WASHINGTON (Reuters) – The U.S. Justice Department goes to court Tuesday to ask a judge to order American Airlines and JetBlue Airways to scrap a partnership in the U.S. Northeast in a high-stakes fight that follows painful court losses for the government.
The trial, expected to last about three weeks, takes place at a time when critics say prior administrations allowed the U.S. aviation industry to become too consolidated, leading to high prices and sometimes poor treatment of consumers.
The government will argue the partnership known as the Northeast Alliance, unveiled by American Airlines and JetBlue in July 2020, meant that the two companies effectively merged their operations in Boston and New York because they pool revenue on flights into and out of Boston Logan, John F. Kennedy, LaGuardia and Newark Liberty airports.
The alliance, they will argue, will defang JetBlue, a maverick carrier that often offers better fares than legacy carriers. They will also argue that the alliance gave the two airlines more than 80% market share in flights from Boston to Washington, DC and six other airports.

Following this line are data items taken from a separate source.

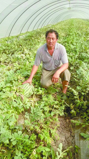 戴长庆家的160亩西瓜地,一望无际,西瓜个个饱满,已经成熟,静静地躺在地里。虽然喜获丰收,但戴长庆和妻子站在瓜地中央,无奈地摇着头。
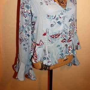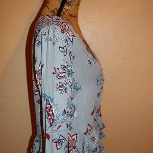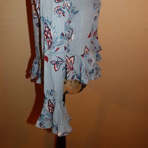 JustFab Dusty Blue Ruffle Button Front Top Brand New with Original Tags Never Worn Size: Small
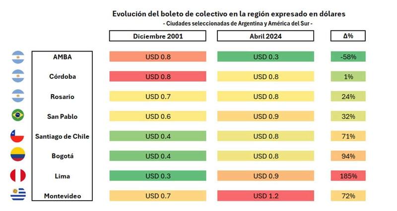 De hecho, los empresarios difundieron un informe en el que muestran que el boleto de colectivo en dólares es el más bajo de toda la región: 0,3 dólares. El más caro es en Montevideo, de 1,2 dólares. Además, esto implica que el boleto registró una baja del 58%, dado que en diciembre del 2001 costaba 0,8 dólares.
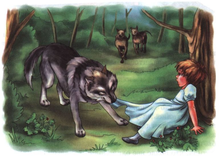 Вдруг две собаки жалобно заскулили и бросились к Соне со всех ног. И тут же огромный волк с горящими глазами и разинутой пастью осторожно высунул морду из-за дерева. Увидев собак, он чуть помедлил, но потом бросился на девочку.
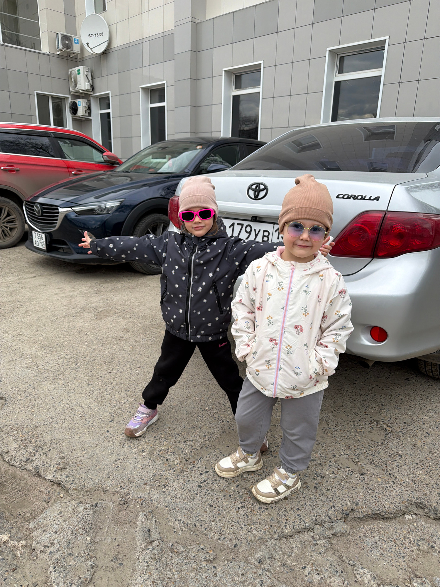Two young girls, dressed in cool-weather attire, stand side-by-side on an asphalt surface in what appears to be a parking area in Chaikovsky, Russia. The image is oriented sideways, but depicts the gi…read more
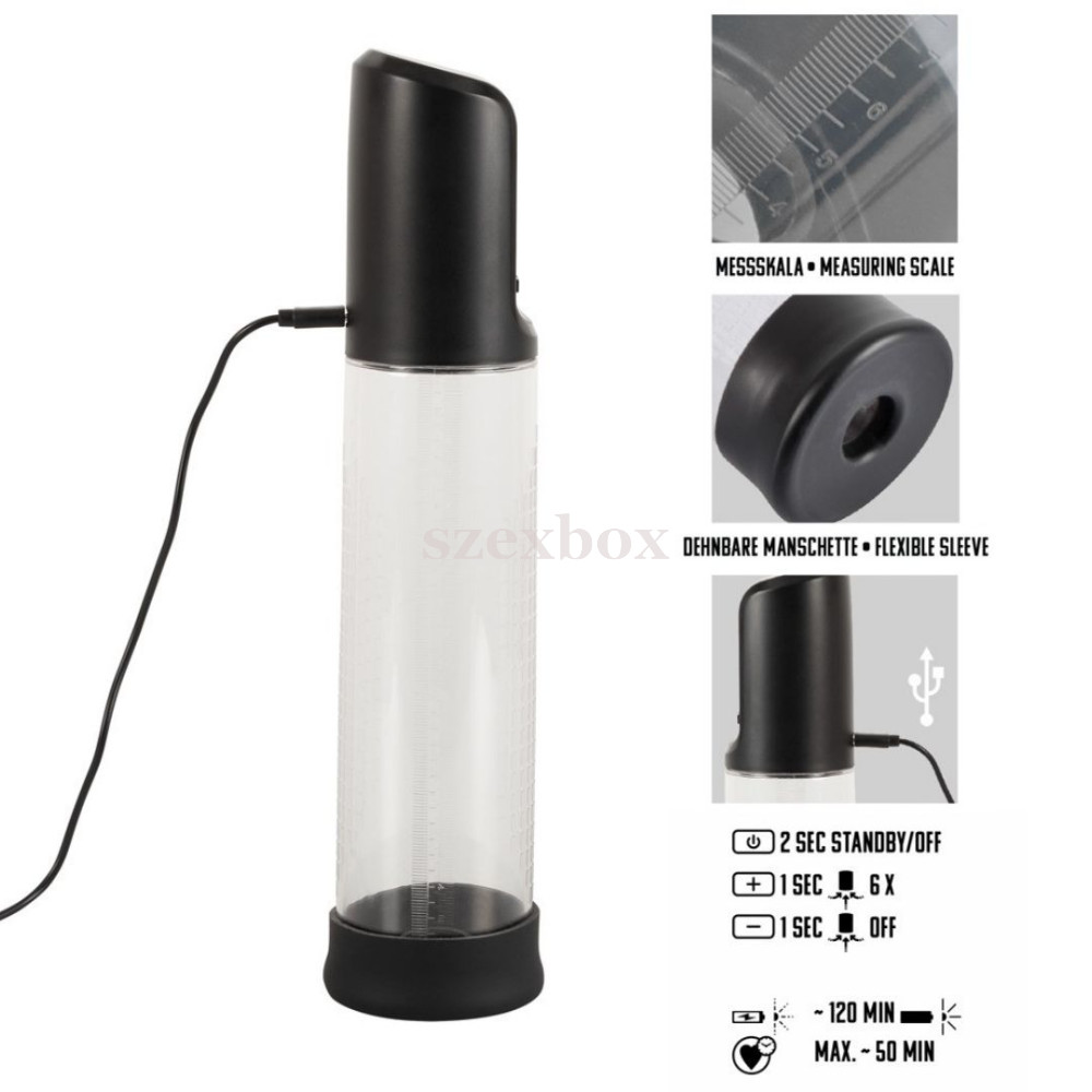 A töltő csatlakozó a plusz-mínusz gombok között került elhelyezésre.Főbb tulajdonságok:-szilárd henger-méretskála-USB-ről tölthető akkumulátor-vákuumképzés és megszüntetés gombnyomásra-4 szívóerősség-egyszerű, 3 gombos vezérlés-nagyon rugalmas mandzsetta-digitális kijelző-mandzsetta belső átmérő: 2cm (nagyon rugalmas)-pumpa teljes hossz: 29,2cm-mélység: 20cm-henger belső átmérő: kb. 5,9cmAnyaga: ABS (henger), PP, Szilikon (mandzsetta) - EU-rendeletnek megfelelő, phthalát-mentes.A termék töltéséhez szükséges USB-kábelt a csomag tartalmazza.Tisztítási javaslat:Langyos, kímélő szappanos vizes tisztítást követően le kell öblíteni és hagyni megszáradni.

The companies are expected to argue that the alliance is pro-competitive because it allows the companies to better compete with Delta Air Lines and United Airlines by allowing the companies to increase capacity. JetBlue, they will say, will remain a maverick.
American is the world’s largest airline. It, Delta, United and Southwest Airlines control over 80% of domestic travel, the government argues.
JetBlue Chief Executive Robin Hayes is the first witness that the government plans to call. Hayes has said that no matter how this proceeding ends up, it will be good for JetBlue’s effort to buy Spirit.
“We’ve had a better effect on lowering fares than low-cost carriers,” Hayes told Reuters earlier this year.
The trial starts after a week in which judges ruled against the government in two antitrust fights – sugar and insurance.